After the dissolution of the Soviet Union in 1991, friendly relations were established between Vietnam and the Russian Federation, the USSR's main successor state. Nearly 5% of the official count of the Vietnamese population in Russia is composed of students with Russian government scholarships. In January 2001, to commemorate the 50th anniversary of Soviet-Vietnam ties, Russian president Vladimir Putin made an official visit to Hanoi, where he was received by Vietnamese president Trần Đức Lương. Bilateral trade amounted to $550 million in 2001; Russian exports to Vietnam included machinery and steel, while Vietnam sold textiles and rice. The two countries also maintained relations in the energy sector, with joint venture Vietsovpetro pumping crude oil from the Bạch Hổ oil field.

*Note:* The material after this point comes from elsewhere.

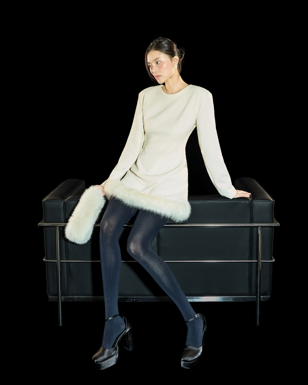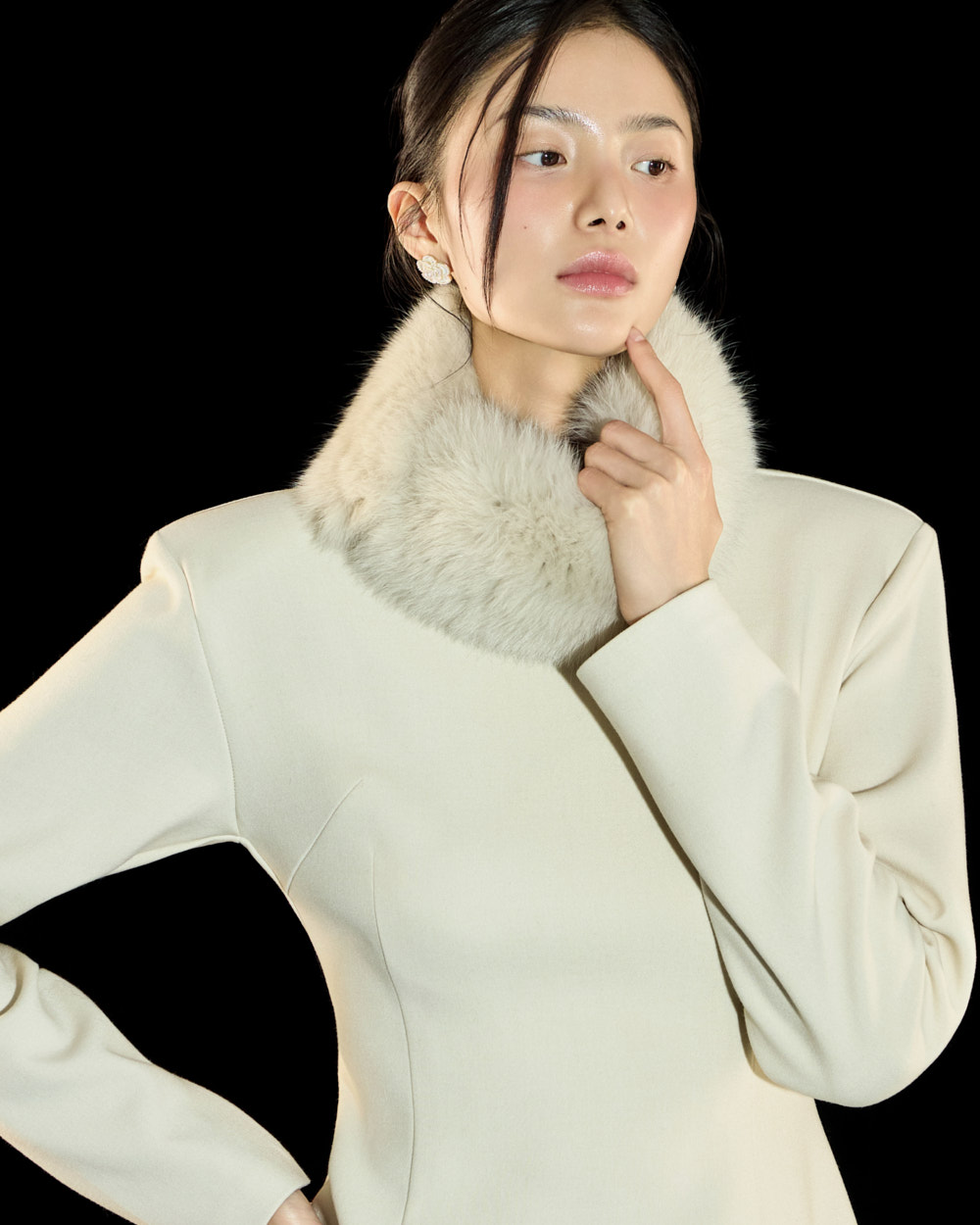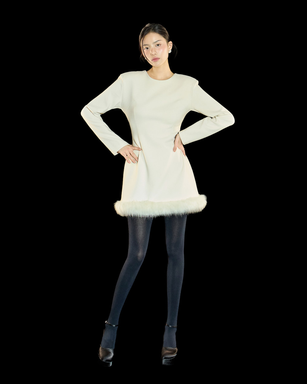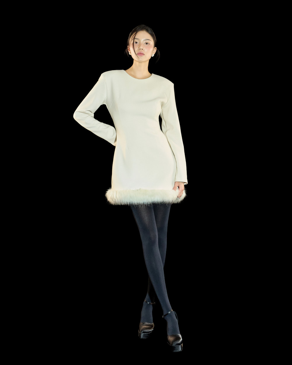 裙摆处的毛绒细节作为高级且独特的点睛元素,

After the Vietnam War ended in 1975, the Soviet Union became a benefactor to the country during the 1980s until the USSR collapsed in 1991, leaving Vietnam with a weakened ideological, economic and military ally. In rhetoric, Vietnam officially remains one of the world's last communist countries – the communist hammer-and-sickle flag can still be seen – but it has embraced a "socialist-oriented market economy" along with Asian and Western investment over the past two decades.

Sergey Lavrov, Foreign Minister of Russia, visited Vietnam in July 2009. "Relations between the two countries have developed positively," Lavrov said. "We are convinced that the bilateral cooperation will be at a high level."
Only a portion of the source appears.